Pull out every line from the line containing "From Kasper, this" through the end of the material, both ends included, and reproduce it exactly. Keep pictures out.

Task material -
....
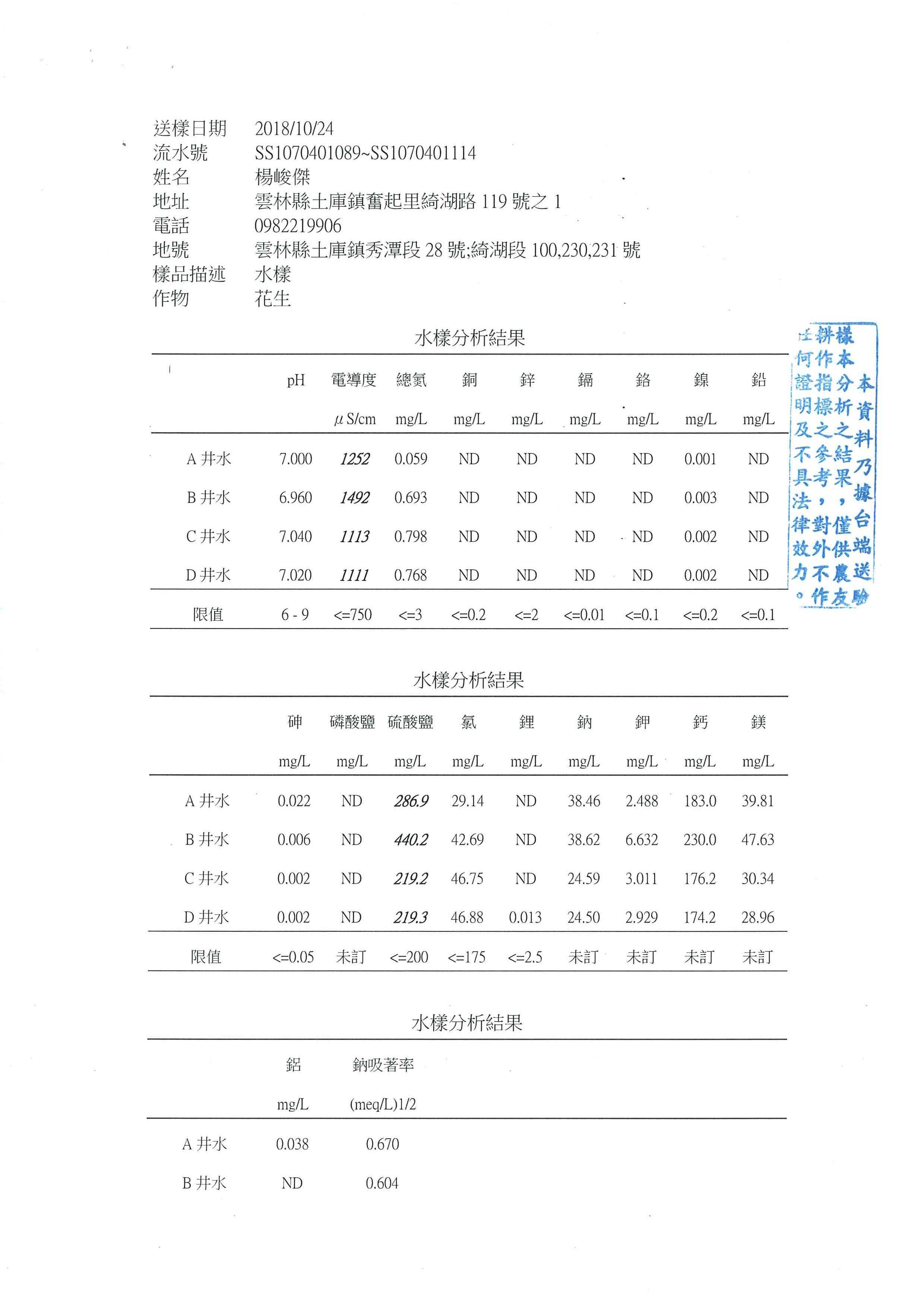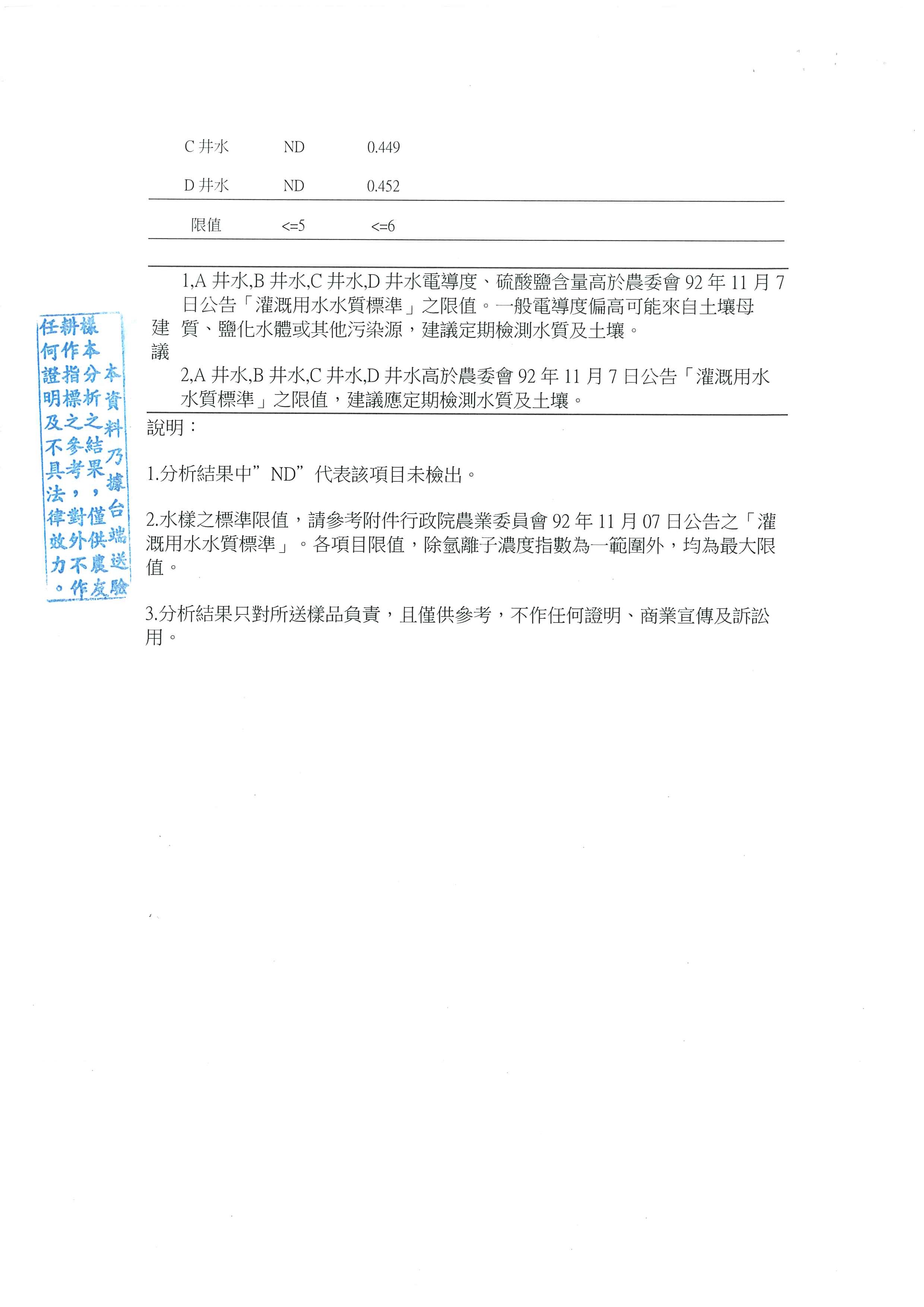 2018的灌溉用井水重金屬檢驗,確定長期使用的井水沒有重金屬過標的情況。
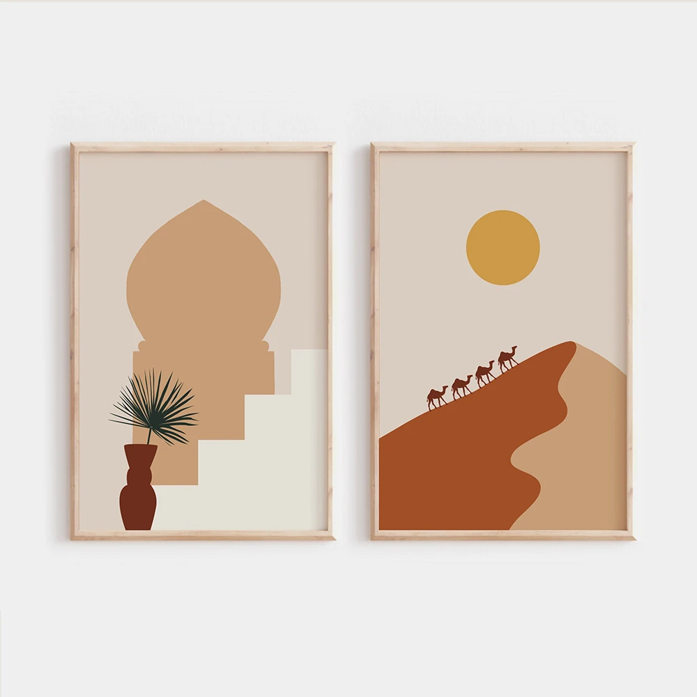 Марокканский принт, настенное искусство, Марракеш, сахара, пустыня, верблюд, холст, бохо, декор для комнаты, картины, постер с мусульманской архитектурой
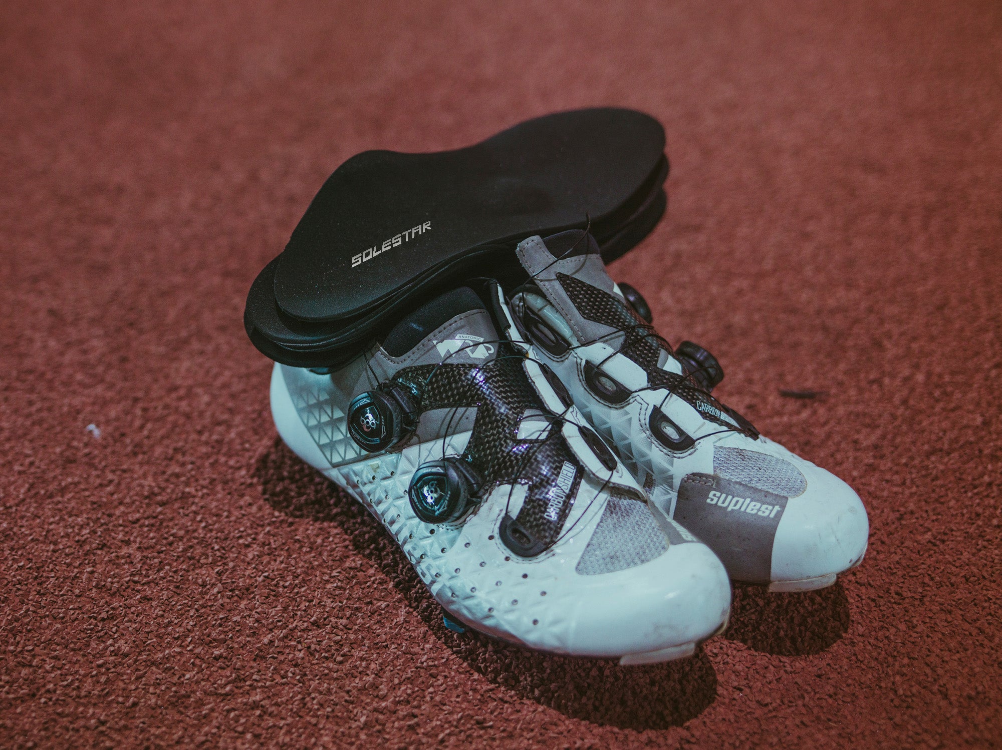SOLESTAR Einlegesohlen haben eine spezielle, patentierte Konstruktion und einen stabilen Innenkern aus Glasfaser oder Carbon. Dieser optimiert die Position des Fußes im Schuh und hält ihn dort, wo er die Kraft optimal übertragen kann. Im Profiradsport ist Solestar mittlerweile Standard, aber der Wert einer guten Einlage ist für jeden Radfahrer von großem Wert, da sie einen großen Einfluss auf die Ergonomie des Fahrers hat.
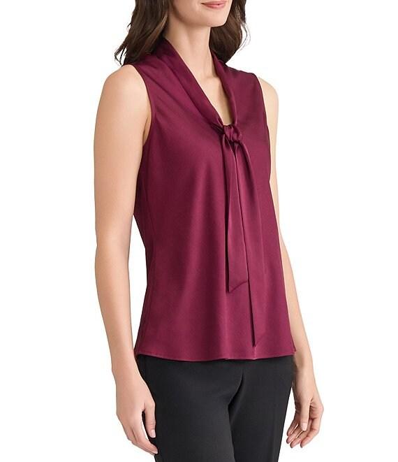 From Kasper, this blouse features: Textured satin fabrication Tie V-neckline Pull over construction Sleeveless Approx. 24" length Polyester Machine wash Imported.
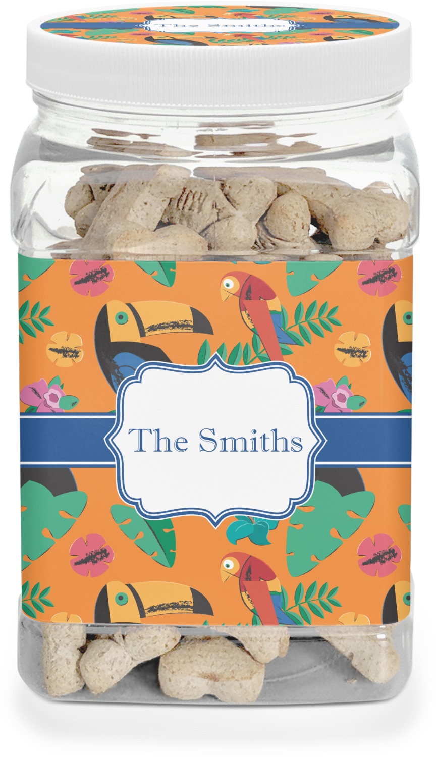 Spoil your pup with a brand new, personalized dog treat container! Your dog will be sure to wag his/her tail whenever he/she catches sight of it perched on your countertop!
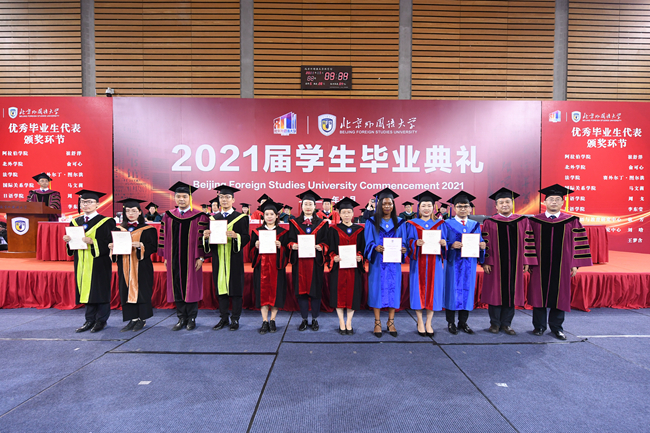 孙有中宣读了《北京外国语大学关于表彰2021届优秀毕业生的决定》。今年,北外共有123名同学荣获“北京市优秀毕业生”荣誉称号,260名同学荣获“北京外国语大学优秀毕业生”荣誉称号。胡志钢、丁浩、赵刚为获得“优秀毕业生”荣誉称号的毕业生代表颁发了证书。
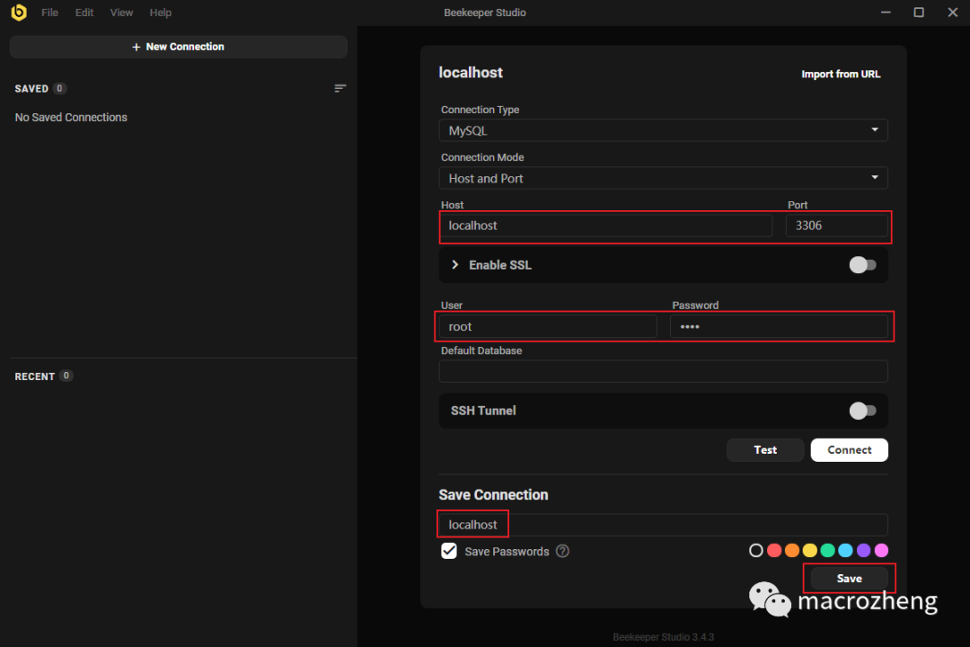 - 这里我们创建一个MySQL连接,输入连接信息,然后点击保存按钮即可;
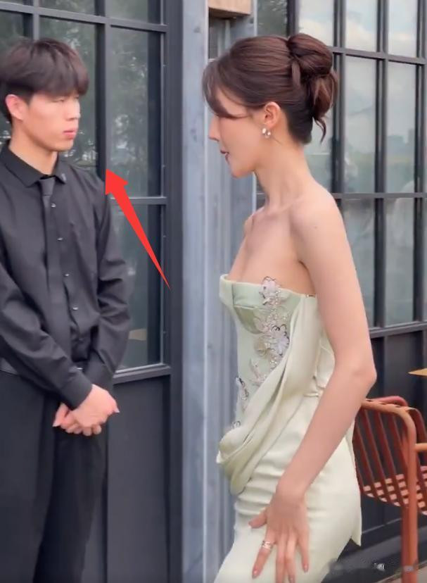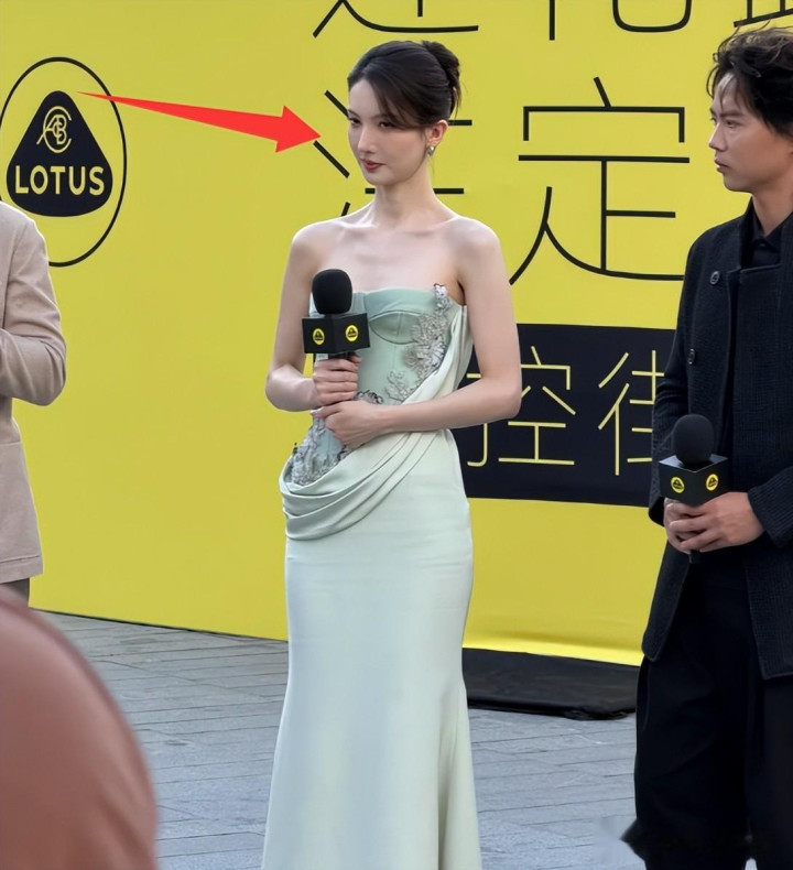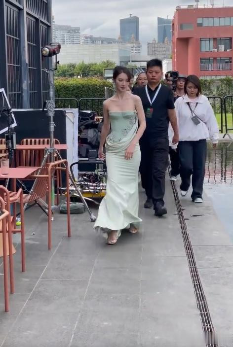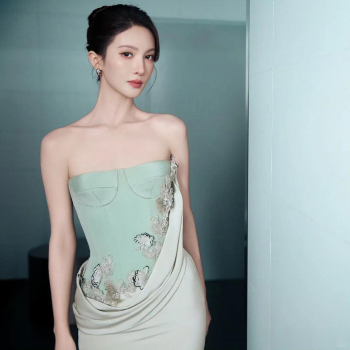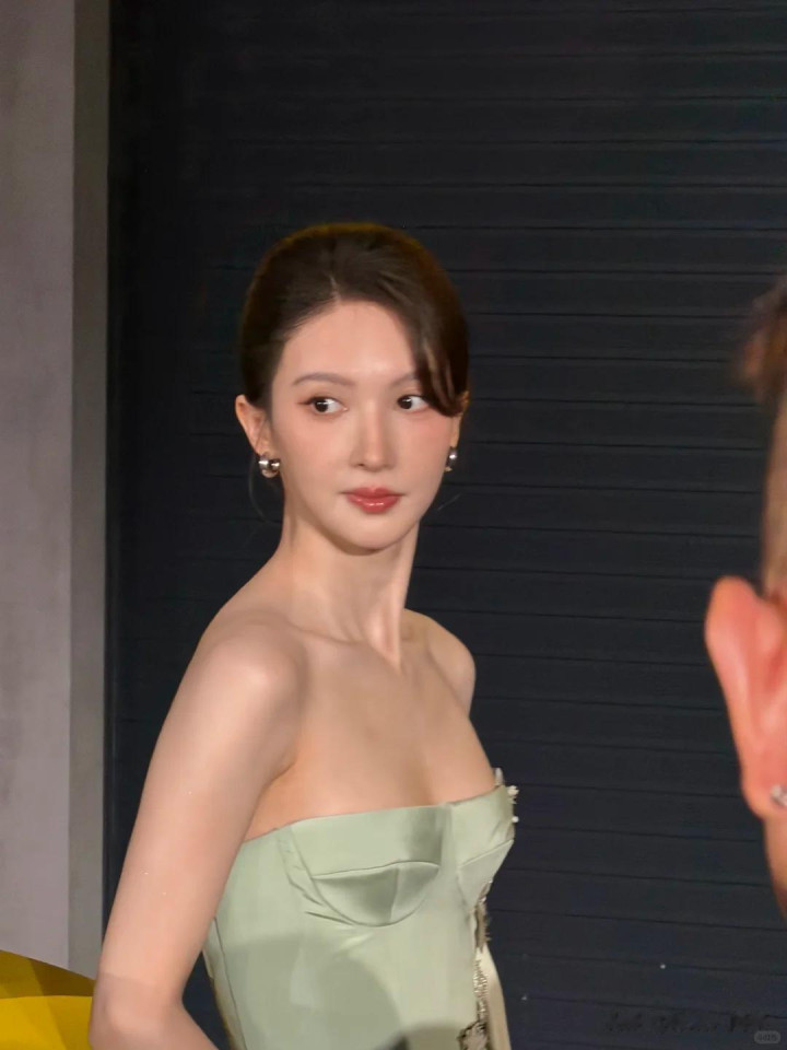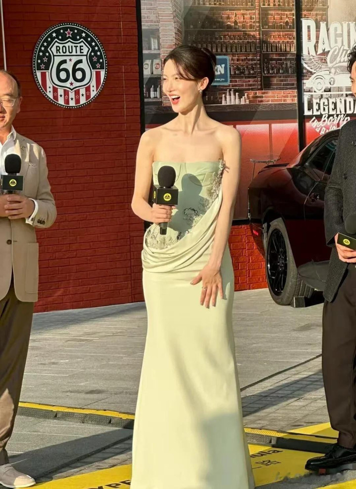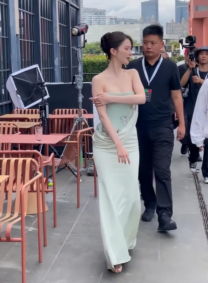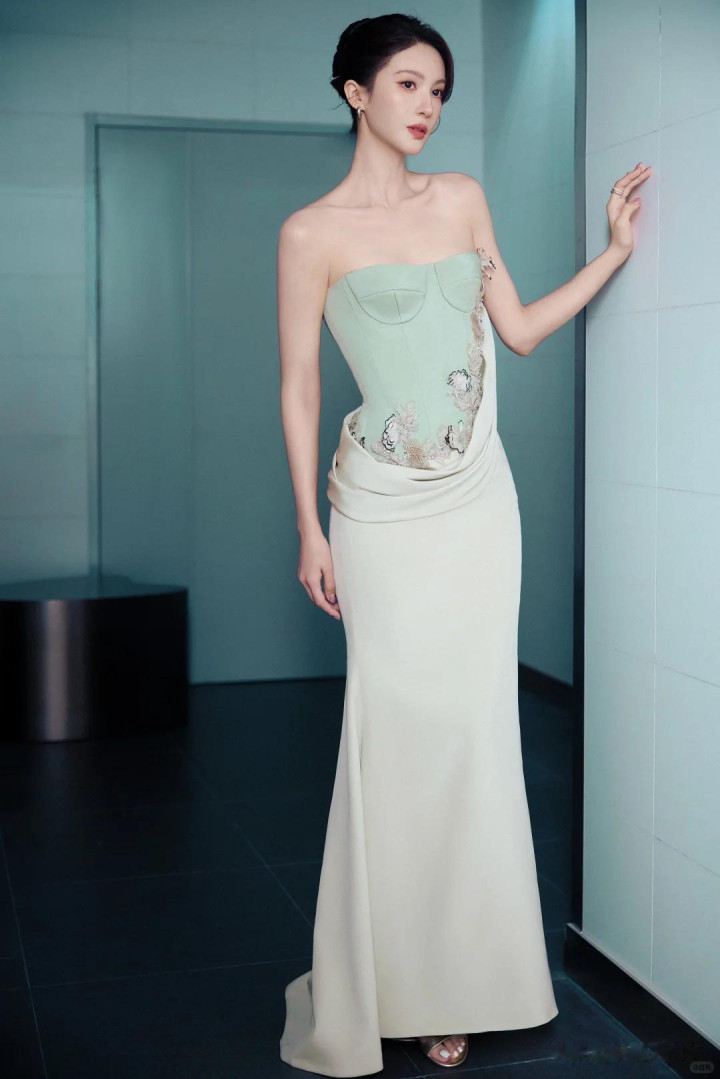金晨穿着一身薄荷绿的抹胸裙,荷叶边的裙摆显得整个人轻盈了许多,而且从腋下到腰身还有一条丝带连接着,看起来更修身了。
....
Solution -
 From Kasper, this blouse features: Textured satin fabrication Tie V-neckline Pull over construction Sleeveless Approx. 24" length Polyester Machine wash Imported.
 Spoil your pup with a brand new, personalized dog treat container! Your dog will be sure to wag his/her tail whenever he/she catches sight of it perched on your countertop!
 孙有中宣读了《北京外国语大学关于表彰2021届优秀毕业生的决定》。今年,北外共有123名同学荣获“北京市优秀毕业生”荣誉称号,260名同学荣获“北京外国语大学优秀毕业生”荣誉称号。胡志钢、丁浩、赵刚为获得“优秀毕业生”荣誉称号的毕业生代表颁发了证书。
 - 这里我们创建一个MySQL连接,输入连接信息,然后点击保存按钮即可;
金晨穿着一身薄荷绿的抹胸裙,荷叶边的裙摆显得整个人轻盈了许多,而且从腋下到腰身还有一条丝带连接着,看起来更修身了。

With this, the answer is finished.